--- Problem details ---
Extract every entry word for word. Skip the pictures.

Stored items from a collection
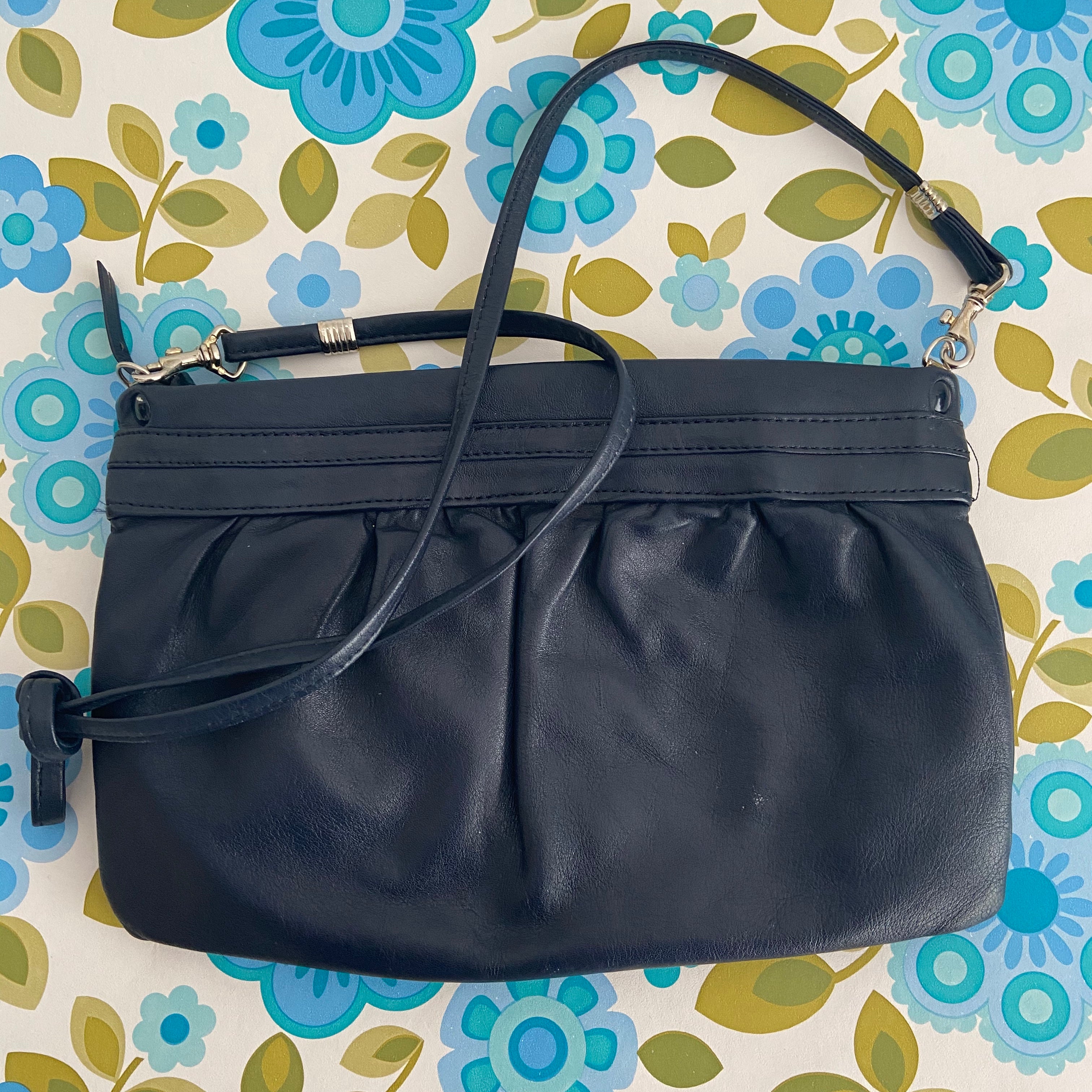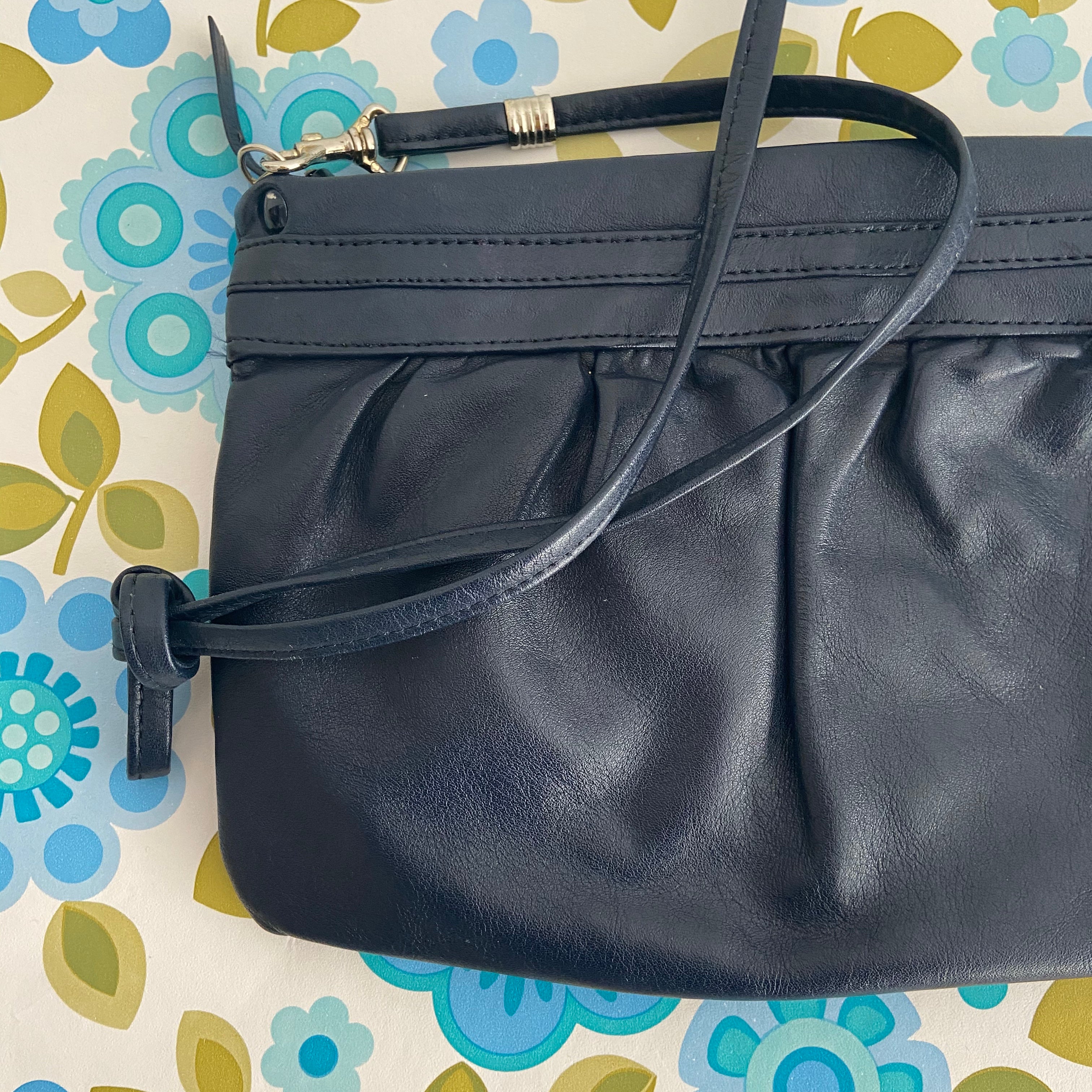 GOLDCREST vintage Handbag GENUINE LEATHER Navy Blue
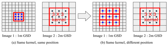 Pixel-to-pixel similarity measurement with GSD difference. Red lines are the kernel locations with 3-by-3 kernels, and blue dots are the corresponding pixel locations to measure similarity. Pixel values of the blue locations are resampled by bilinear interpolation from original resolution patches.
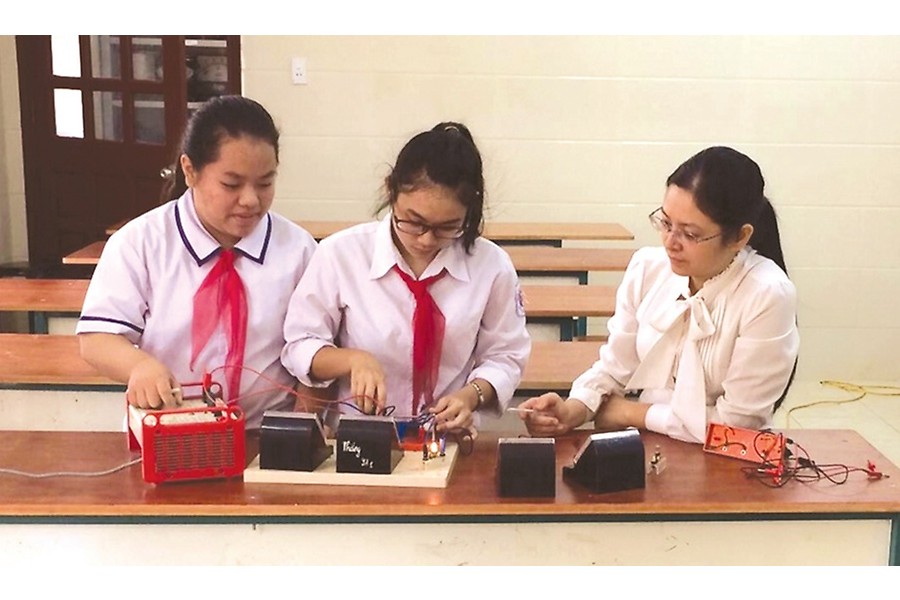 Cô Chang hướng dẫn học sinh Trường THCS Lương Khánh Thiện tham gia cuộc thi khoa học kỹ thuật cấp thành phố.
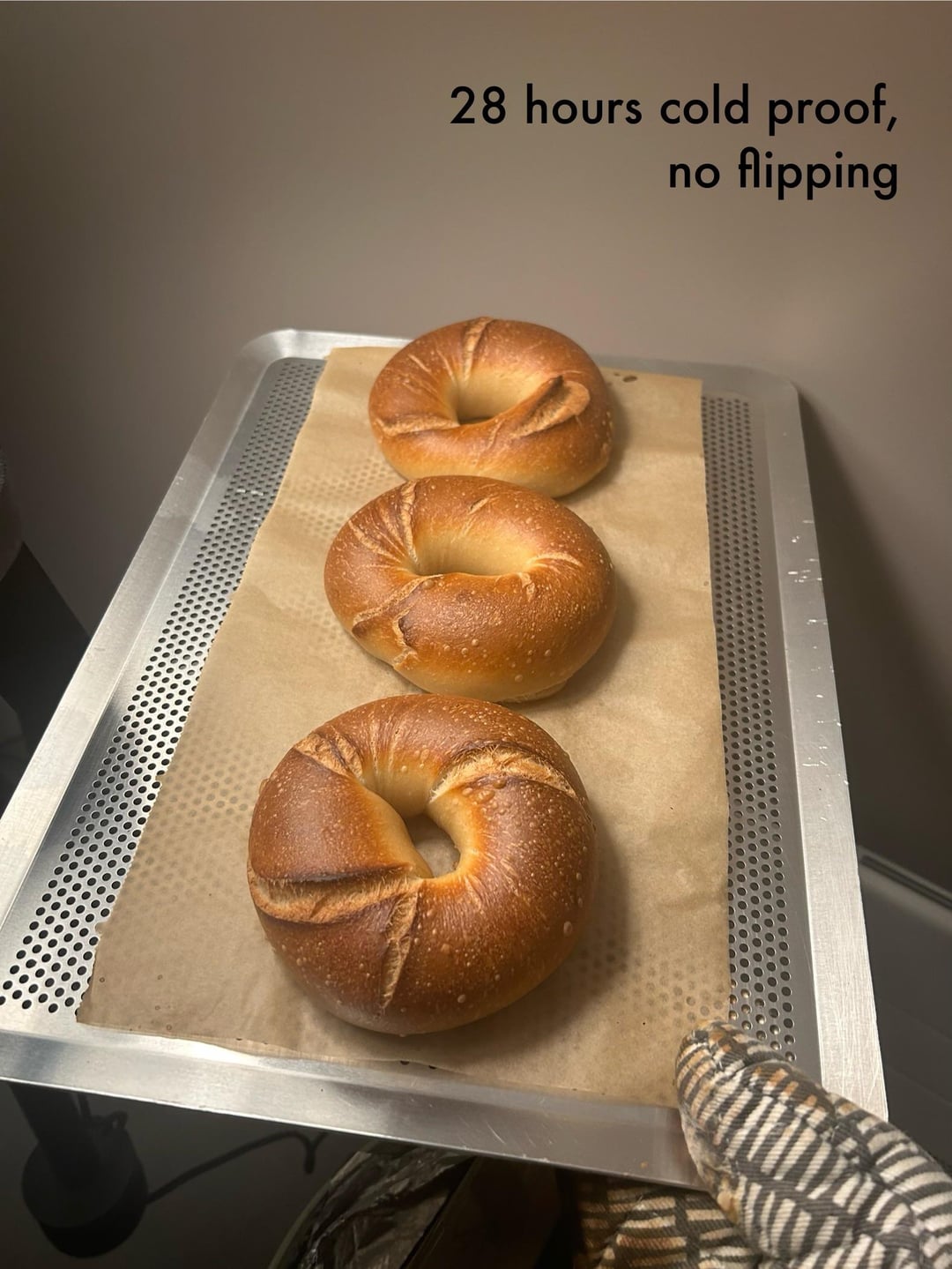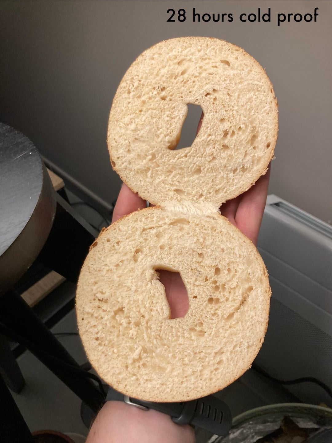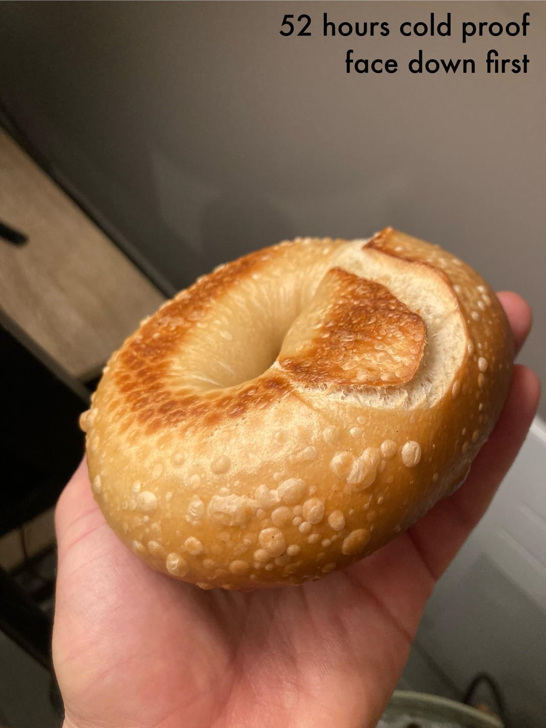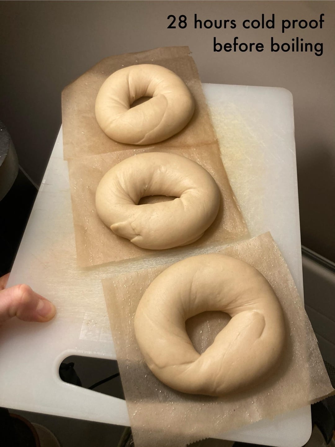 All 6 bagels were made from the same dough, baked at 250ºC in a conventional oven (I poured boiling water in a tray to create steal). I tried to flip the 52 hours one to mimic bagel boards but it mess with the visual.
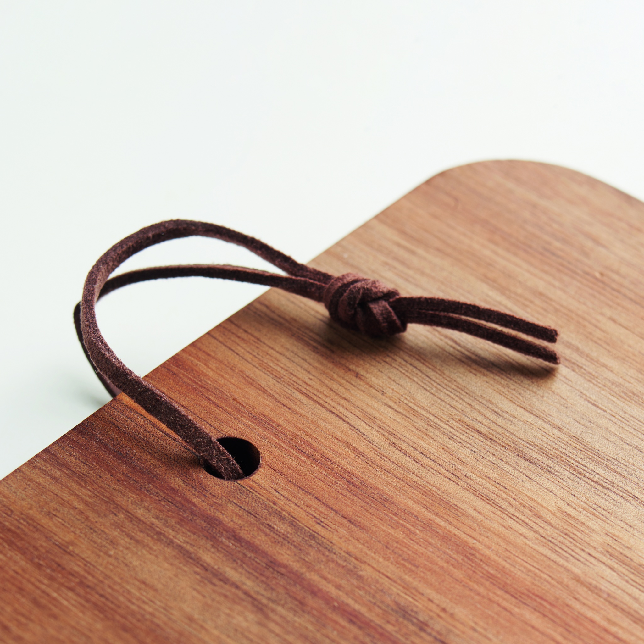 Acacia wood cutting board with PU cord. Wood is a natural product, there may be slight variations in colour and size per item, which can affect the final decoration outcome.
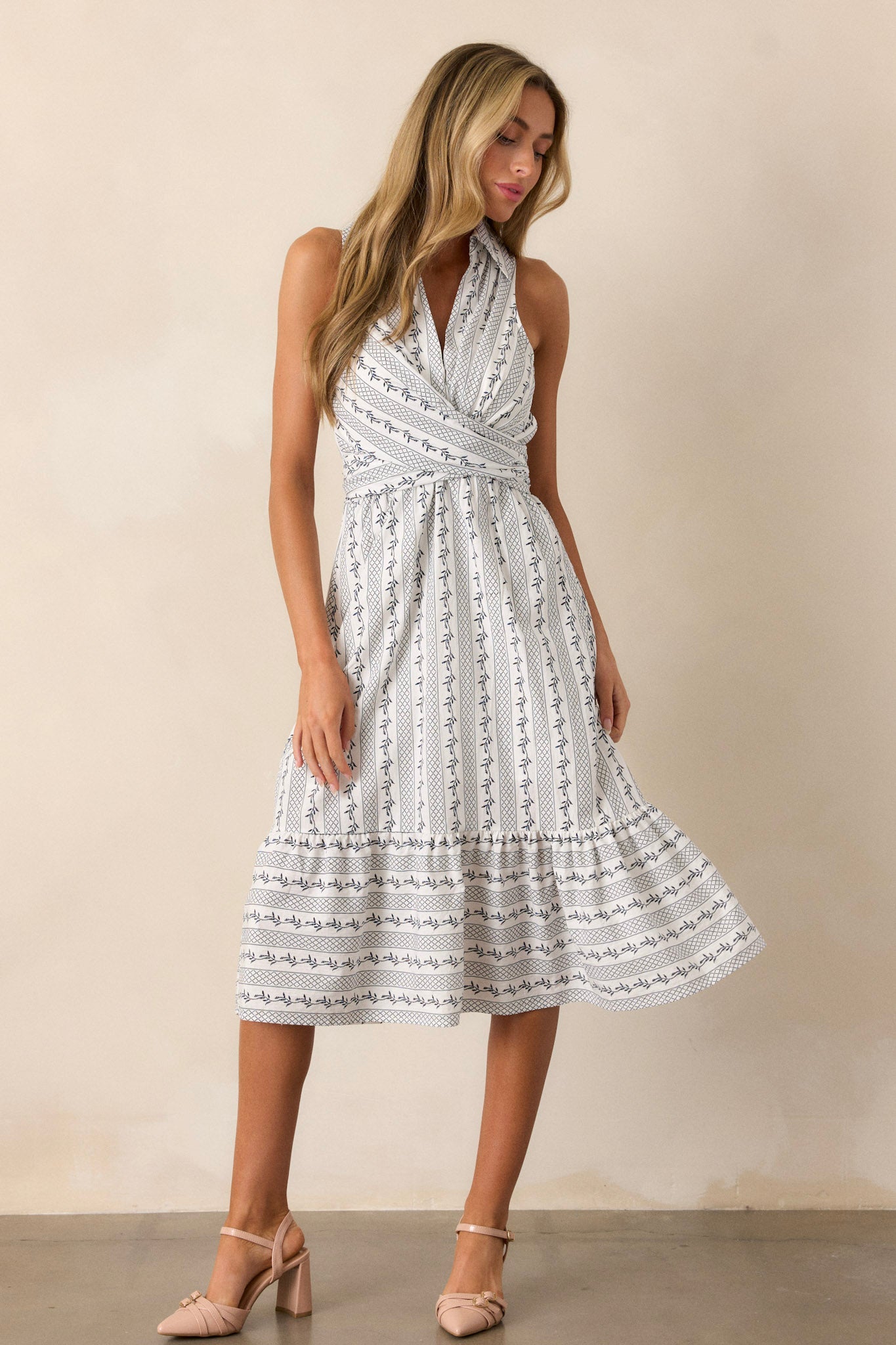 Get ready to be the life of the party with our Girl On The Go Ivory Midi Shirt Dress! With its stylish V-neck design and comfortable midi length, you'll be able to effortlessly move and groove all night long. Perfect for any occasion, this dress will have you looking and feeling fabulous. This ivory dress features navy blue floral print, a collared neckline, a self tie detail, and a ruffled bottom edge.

--- Expected answer ---
 GOLDCREST vintage Handbag GENUINE LEATHER Navy Blue
 Pixel-to-pixel similarity measurement with GSD difference. Red lines are the kernel locations with 3-by-3 kernels, and blue dots are the corresponding pixel locations to measure similarity. Pixel values of the blue locations are resampled by bilinear interpolation from original resolution patches.
 Cô Chang hướng dẫn học sinh Trường THCS Lương Khánh Thiện tham gia cuộc thi khoa học kỹ thuật cấp thành phố.
 All 6 bagels were made from the same dough, baked at 250ºC in a conventional oven (I poured boiling water in a tray to create steal). I tried to flip the 52 hours one to mimic bagel boards but it mess with the visual.
 Acacia wood cutting board with PU cord. Wood is a natural product, there may be slight variations in colour and size per item, which can affect the final decoration outcome.
 Get ready to be the life of the party with our Girl On The Go Ivory Midi Shirt Dress! With its stylish V-neck design and comfortable midi length, you'll be able to effortlessly move and groove all night long. Perfect for any occasion, this dress will have you looking and feeling fabulous. This ivory dress features navy blue floral print, a collared neckline, a self tie detail, and a ruffled bottom edge.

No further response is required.